### Task to carry out:
Give back the listing in full and exactly, leaving out the images.

### Supplied data:
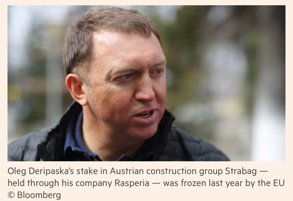 Deripaska’s stake in Strabag — held through his company Rasperia — was frozen last year by the EU in response to what the bloc said was his complicity in Russia’s brutal war of aggression in Ukraine.
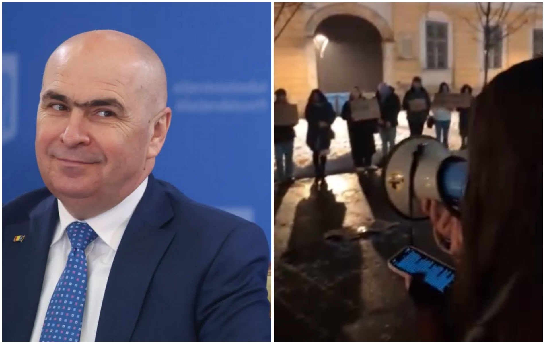 VIDEO. Studenții clujeni au ieșit în stradă pentru a protesta împotriva lui Ilie Bolojan. Un tânăr și-a făcut o pălărie cu un mesaj obscen: „M..... Bolojan
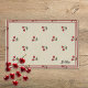 Add style and color to your dining table with this cherry-pattern placemat featuring a clean red boho-style border. The warm cream background and small cherry clusters create a sweet, homey look perfect for kitchen tables, summer meals, brunches, or everyday dining. Durable, easy to wipe clean, and fully customizable—add a name for a personalized touch.

### Reply:
 Deripaska’s stake in Strabag — held through his company Rasperia — was frozen last year by the EU in response to what the bloc said was his complicity in Russia’s brutal war of aggression in Ukraine.
 VIDEO. Studenții clujeni au ieșit în stradă pentru a protesta împotriva lui Ilie Bolojan. Un tânăr și-a făcut o pălărie cu un mesaj obscen: „M..... Bolojan
 Add style and color to your dining table with this cherry-pattern placemat featuring a clean red boho-style border. The warm cream background and small cherry clusters create a sweet, homey look perfect for kitchen tables, summer meals, brunches, or everyday dining. Durable, easy to wipe clean, and fully customizable—add a name for a personalized touch.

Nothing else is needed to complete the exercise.